Exercise: Excluding every picture, print exactly the lines from the one containing "Galaxy Digital lidera" through the end of the material below, both ends included.

Information supplied:
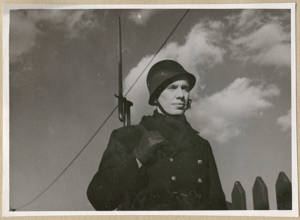 Titel: Närbild på en soldat i uniform och hjälm. På axeln har han ett skjutvapen med bajonett.
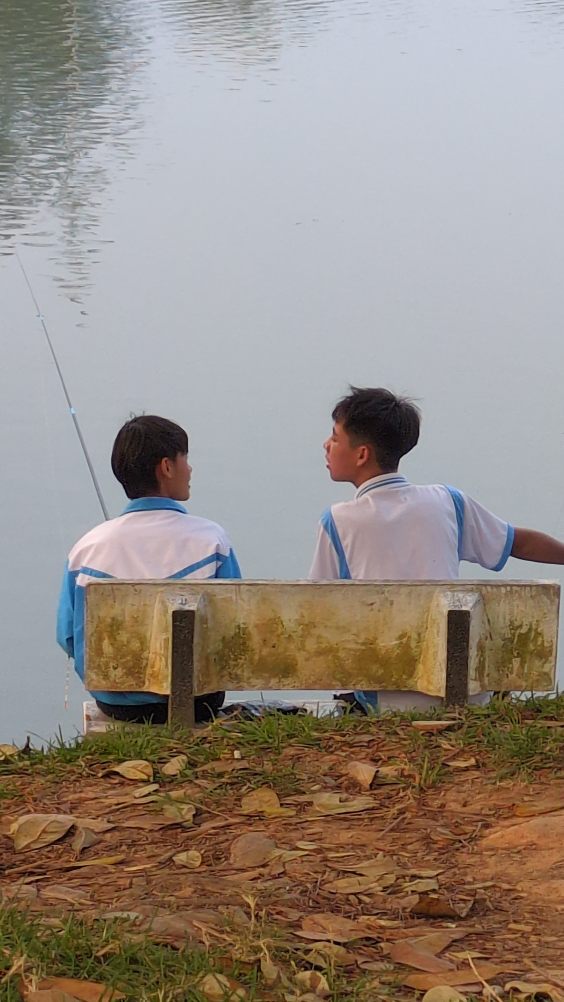 Two young men are fishing side-by-side, facing a body of water. They are wearing matching white shirts with blue trim. They are positioned near the edge of the water, which is bordered by dirt, grass,…read more
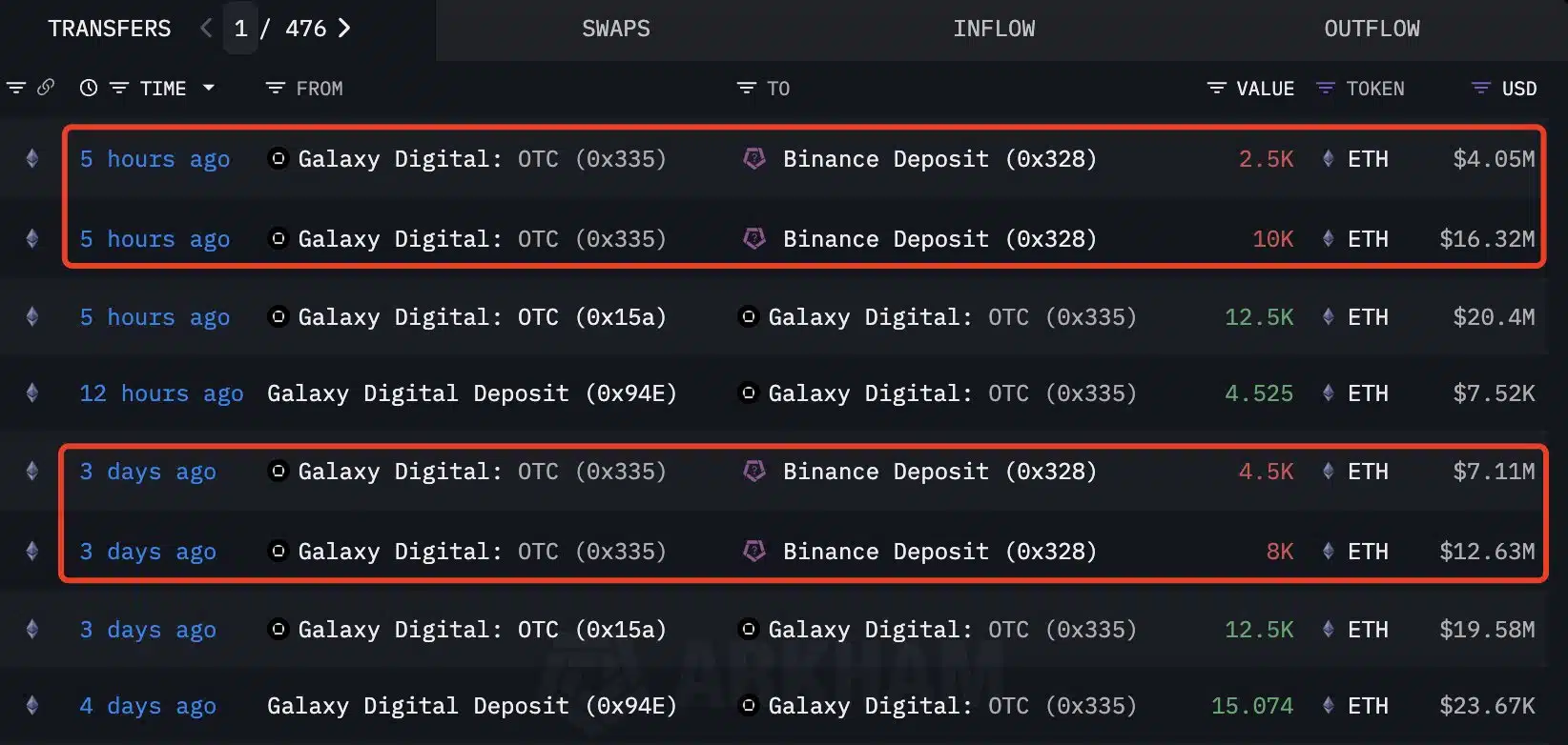 Galaxy Digital lidera la presión vendedora con más de $40 millones en Ethereum
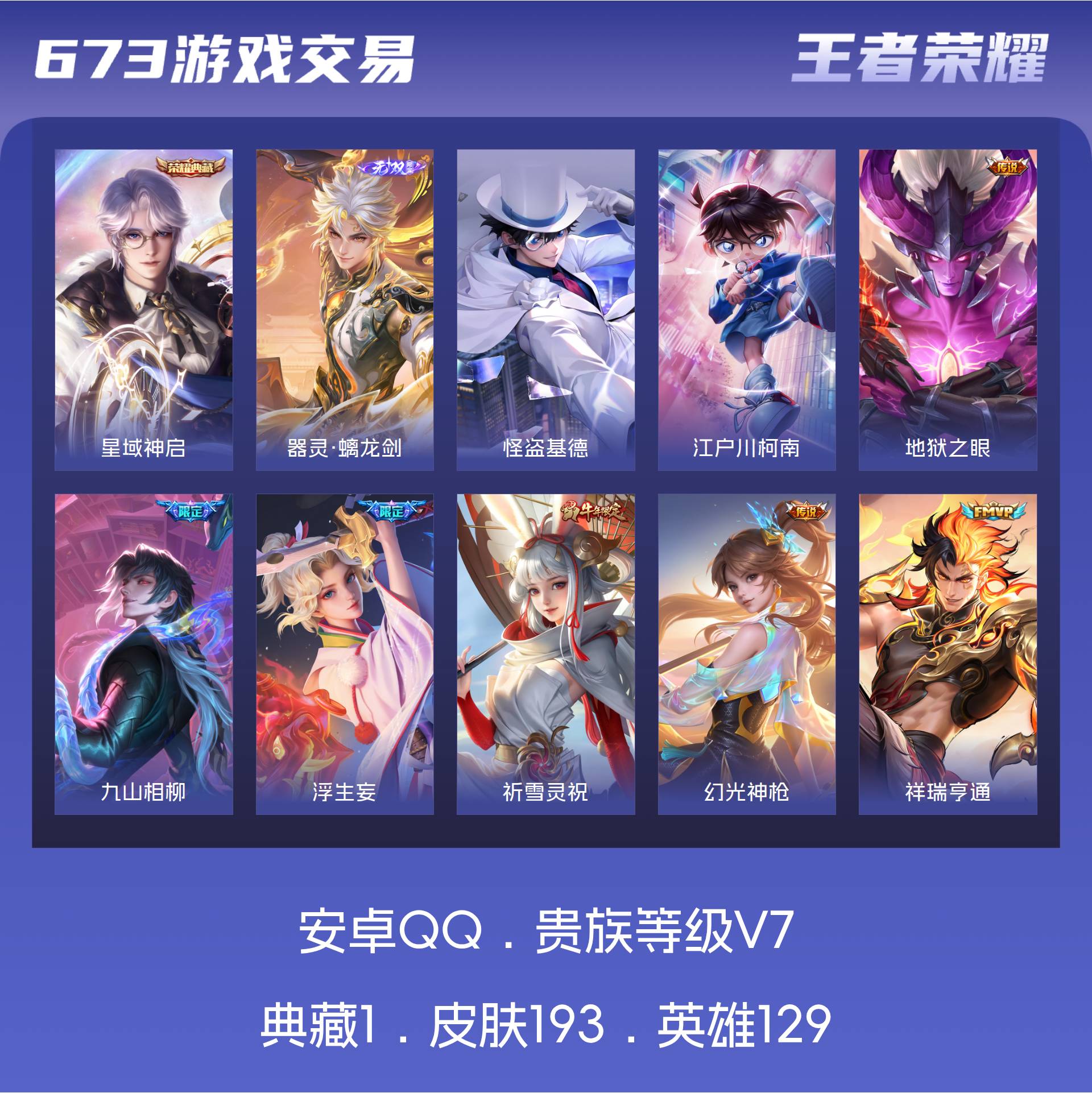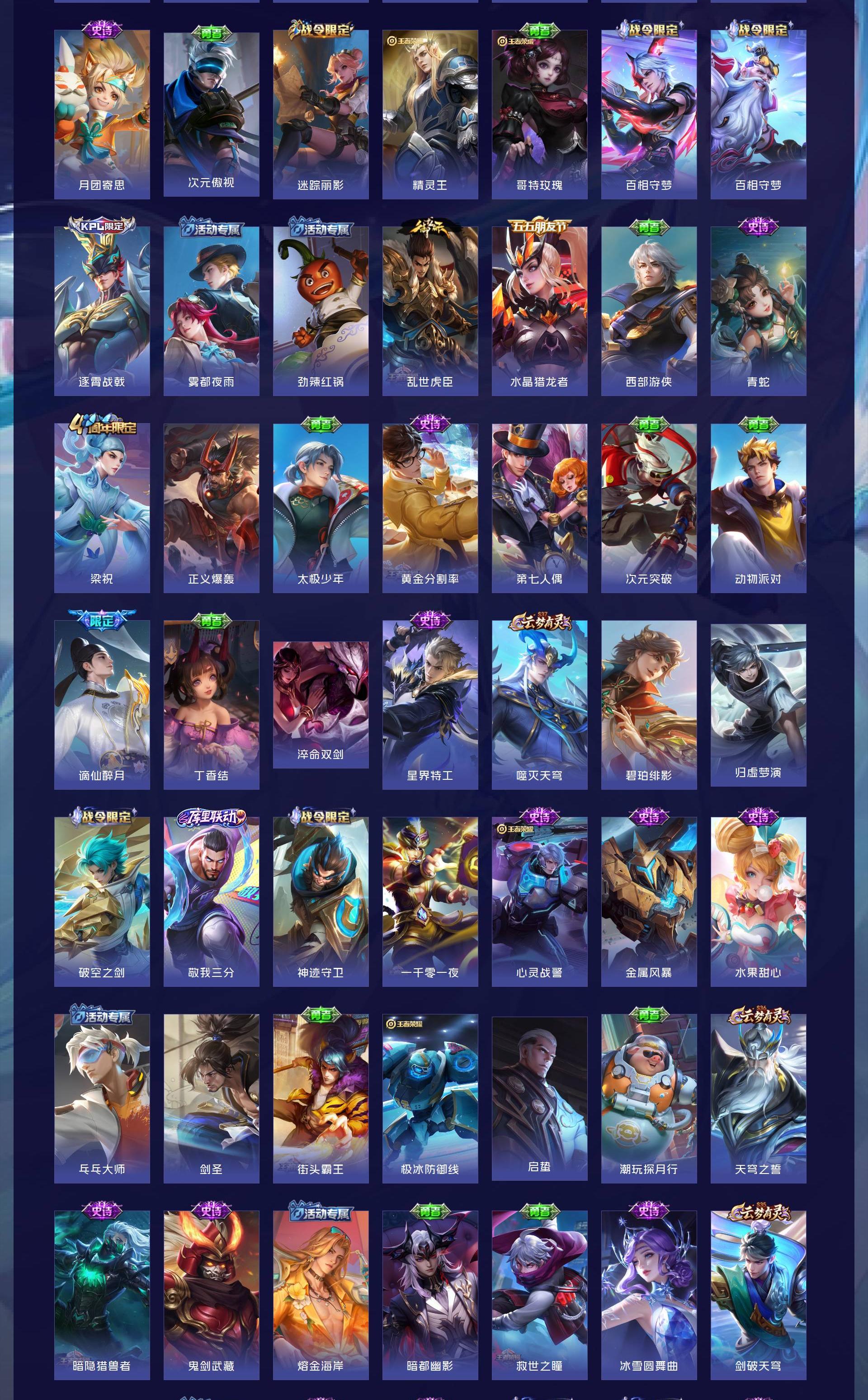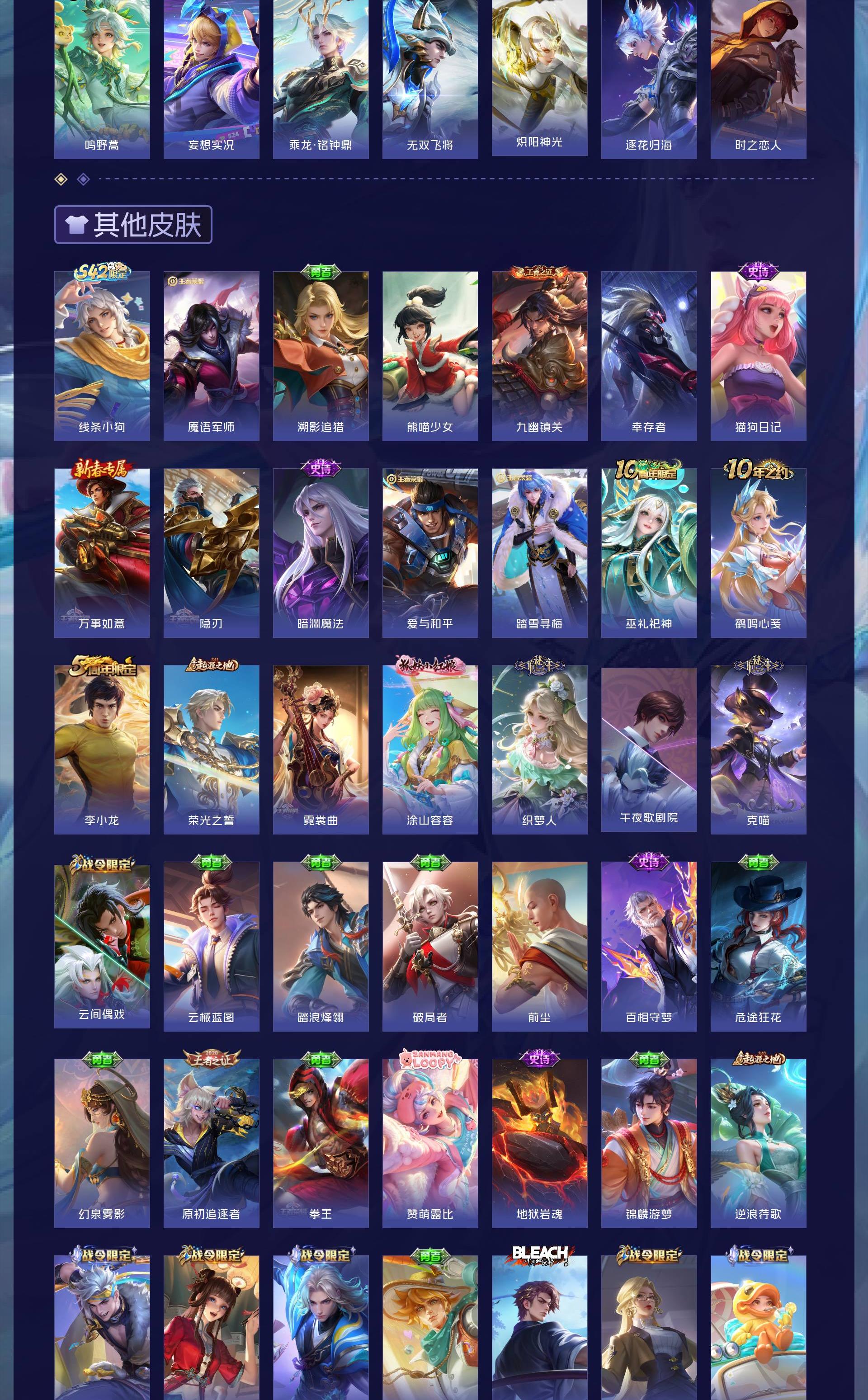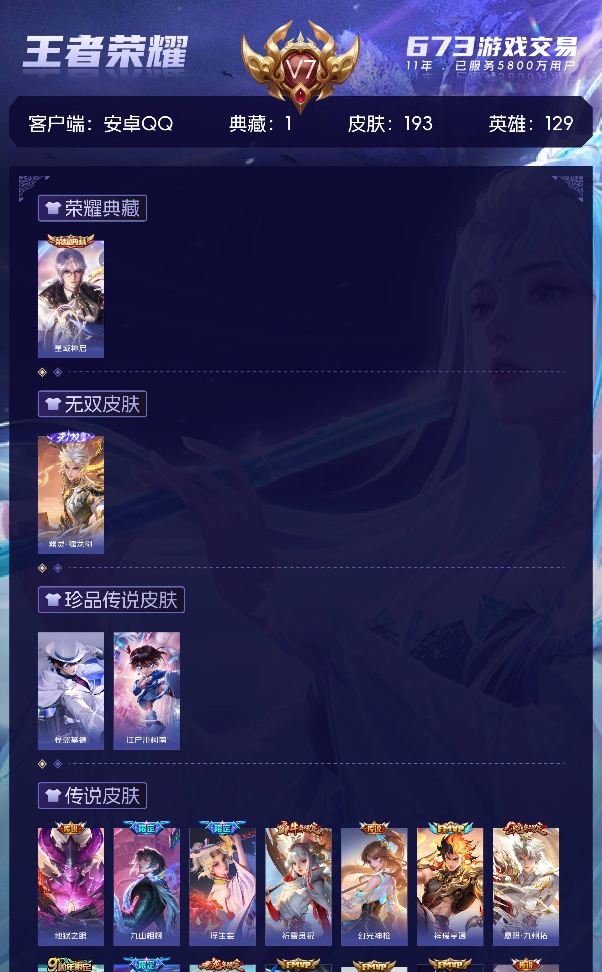V7 皮肤193 英雄129 永恒钻石 荣耀典藏1 无双皮肤1 珍品传说2 传说14 其他皮肤181

Solution to this exercise:
 Galaxy Digital lidera la presión vendedora con más de $40 millones en Ethereum
V7 皮肤193 英雄129 永恒钻石 荣耀典藏1 无双皮肤1 珍品传说2 传说14 其他皮肤181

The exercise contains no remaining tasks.